* Task prompt *
After locating the line with "Eine Frau lächelt, sitzt" below, output it and each following line exactly, stopping after the line with "夏は2階の寝室が暑くなるので、1階リビング横の和室で家族3人で寝ています。". No pictures.

* Data section *
________________

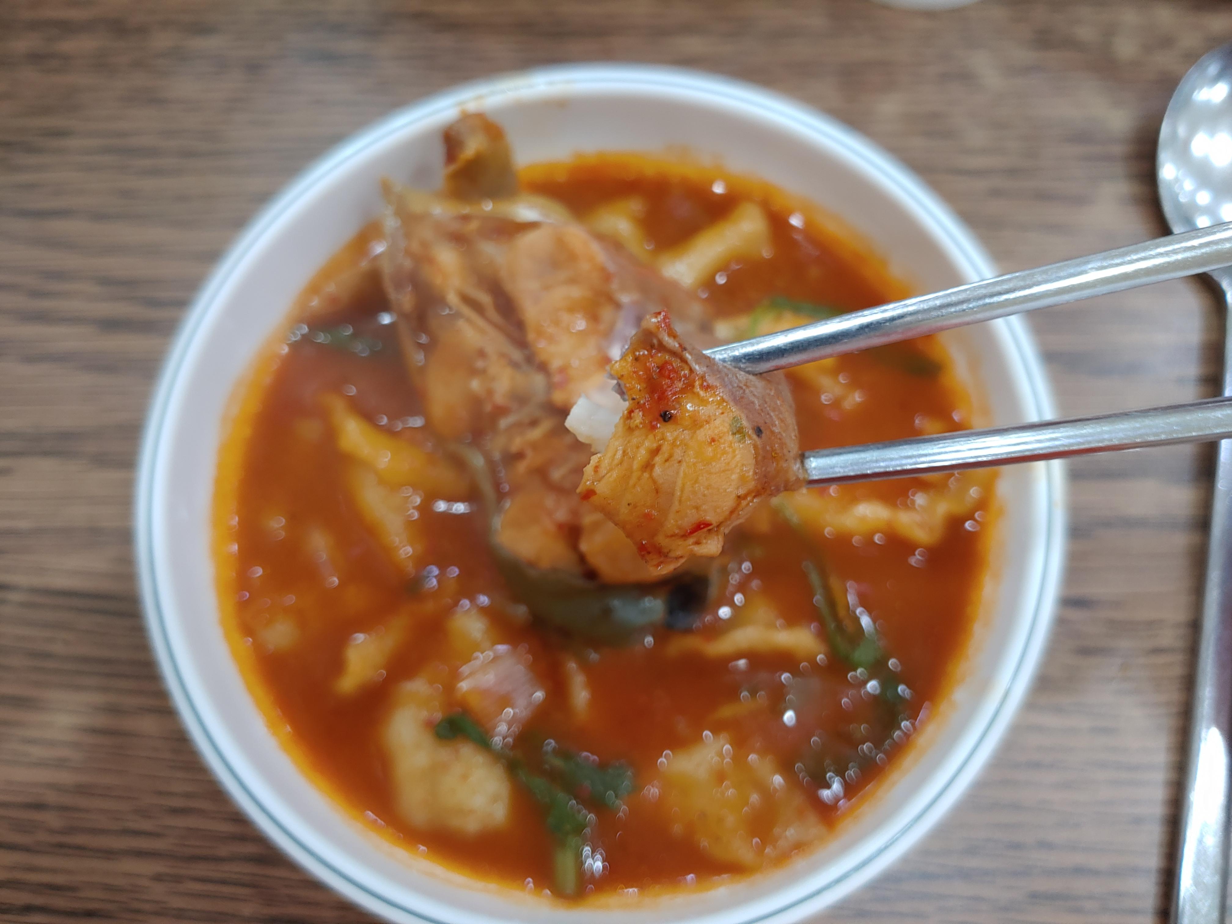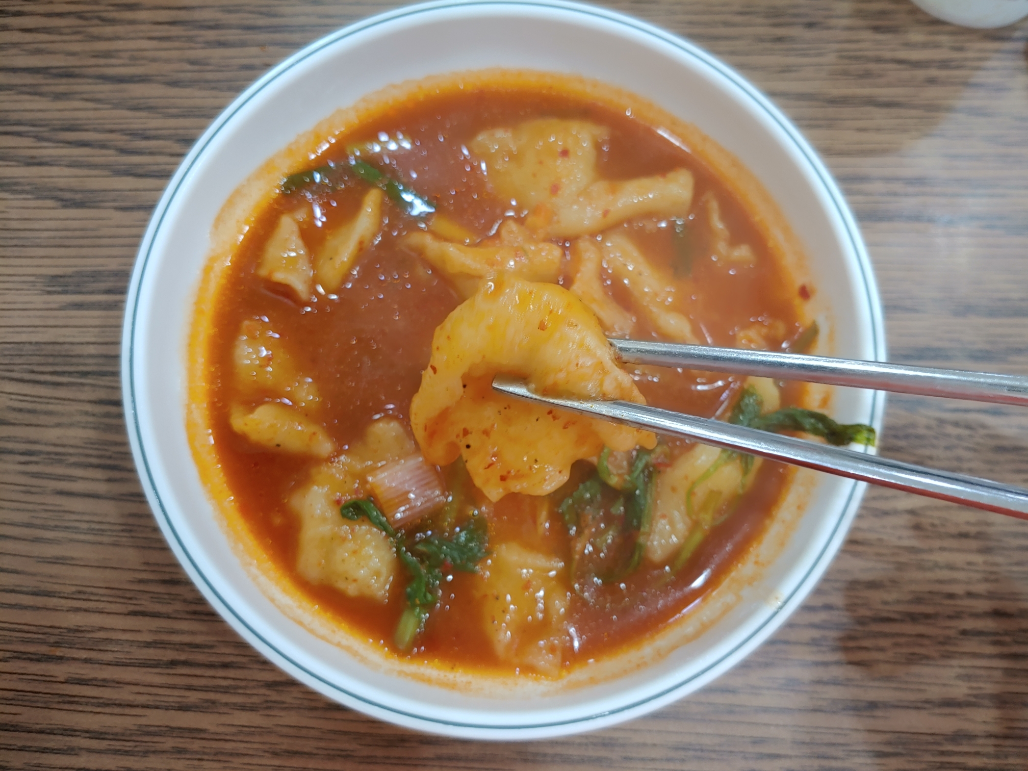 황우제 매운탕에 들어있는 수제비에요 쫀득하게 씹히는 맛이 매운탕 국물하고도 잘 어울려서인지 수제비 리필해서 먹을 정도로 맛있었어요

________________

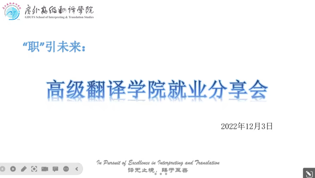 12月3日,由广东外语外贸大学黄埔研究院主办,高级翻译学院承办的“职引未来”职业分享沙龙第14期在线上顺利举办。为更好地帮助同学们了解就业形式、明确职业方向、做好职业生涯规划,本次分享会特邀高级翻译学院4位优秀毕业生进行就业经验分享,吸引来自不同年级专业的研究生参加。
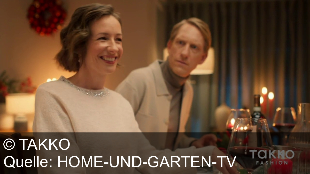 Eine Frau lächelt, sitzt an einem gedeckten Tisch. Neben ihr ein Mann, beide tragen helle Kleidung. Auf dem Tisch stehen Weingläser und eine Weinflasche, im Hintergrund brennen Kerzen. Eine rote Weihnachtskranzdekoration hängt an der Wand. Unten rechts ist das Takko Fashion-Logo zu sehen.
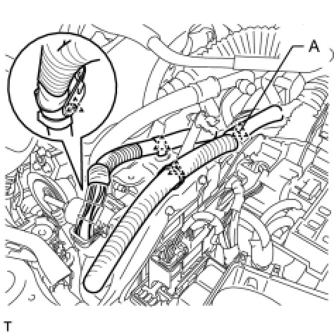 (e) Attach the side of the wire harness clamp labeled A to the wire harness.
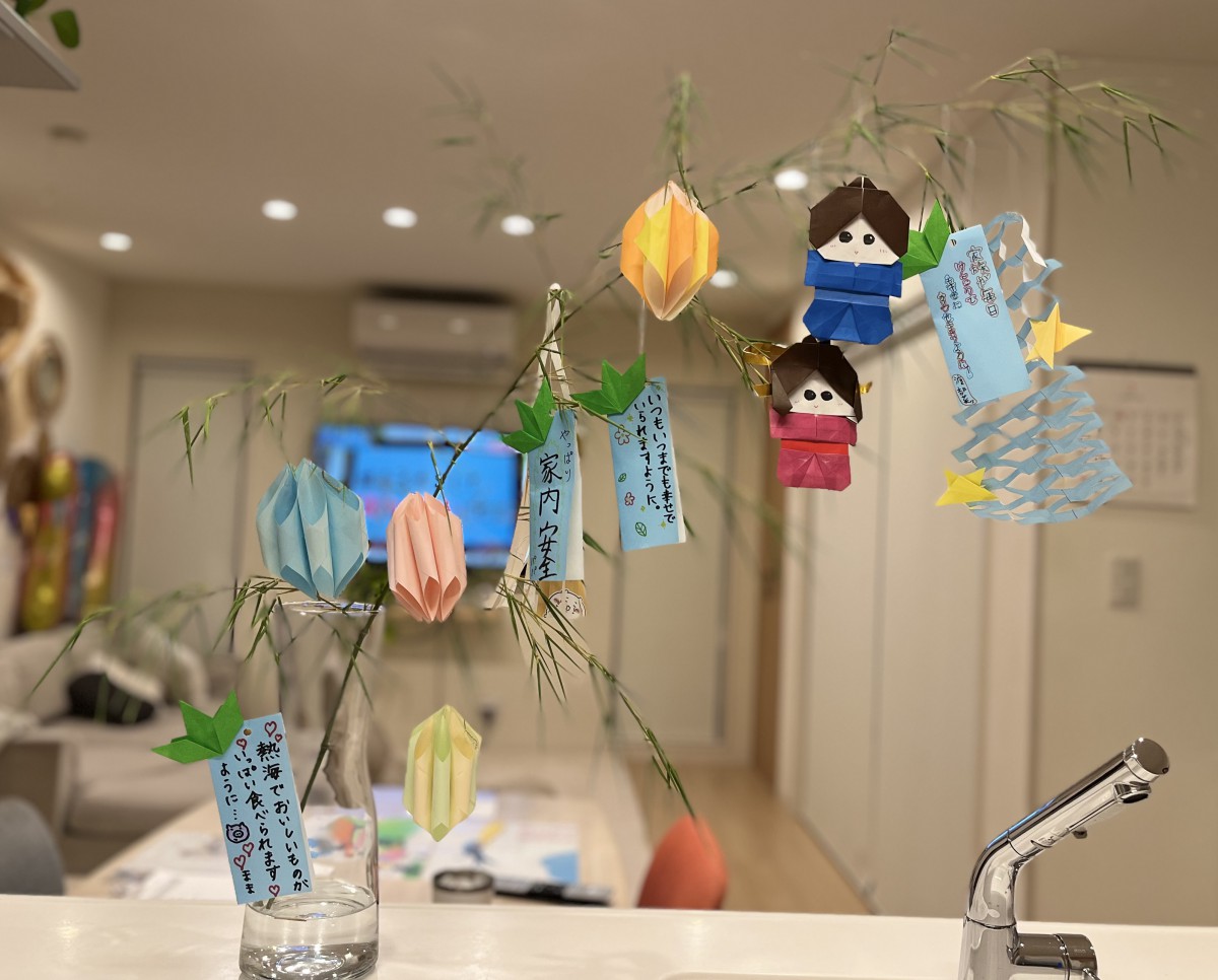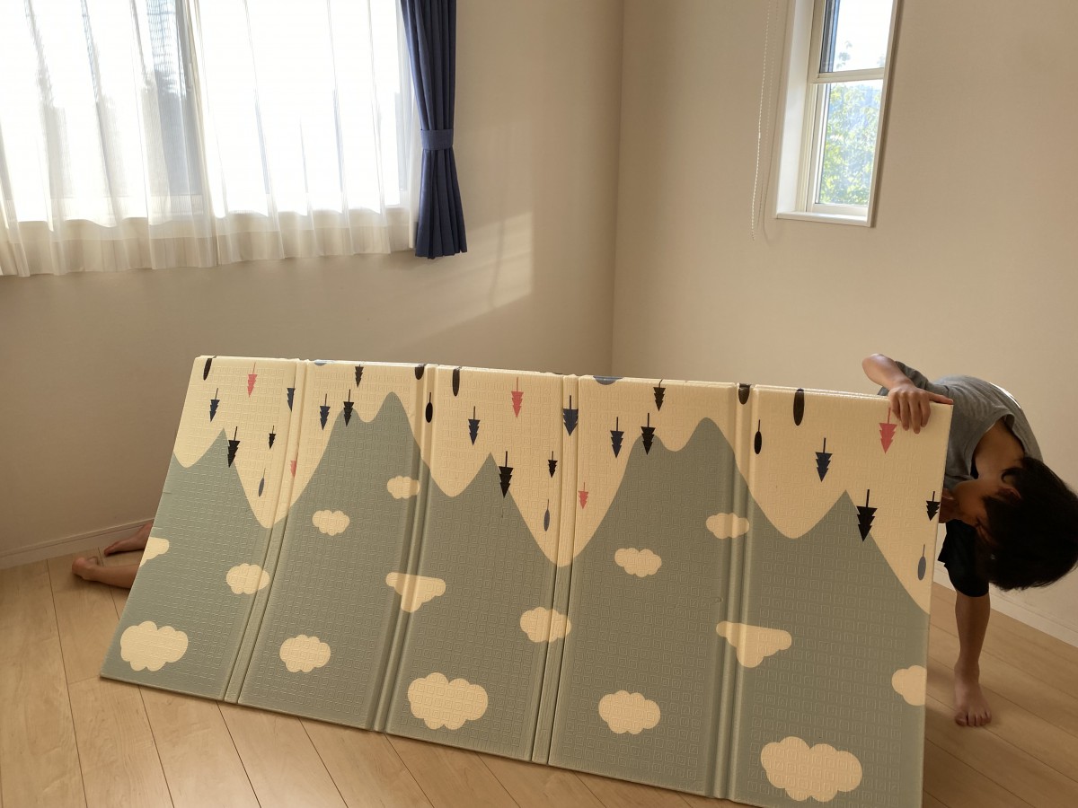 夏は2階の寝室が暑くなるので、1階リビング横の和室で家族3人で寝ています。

________________

* Solution to the problem *
 Eine Frau lächelt, sitzt an einem gedeckten Tisch. Neben ihr ein Mann, beide tragen helle Kleidung. Auf dem Tisch stehen Weingläser und eine Weinflasche, im Hintergrund brennen Kerzen. Eine rote Weihnachtskranzdekoration hängt an der Wand. Unten rechts ist das Takko Fashion-Logo zu sehen.
 (e) Attach the side of the wire harness clamp labeled A to the wire harness.
 夏は2階の寝室が暑くなるので、1階リビング横の和室で家族3人で寝ています。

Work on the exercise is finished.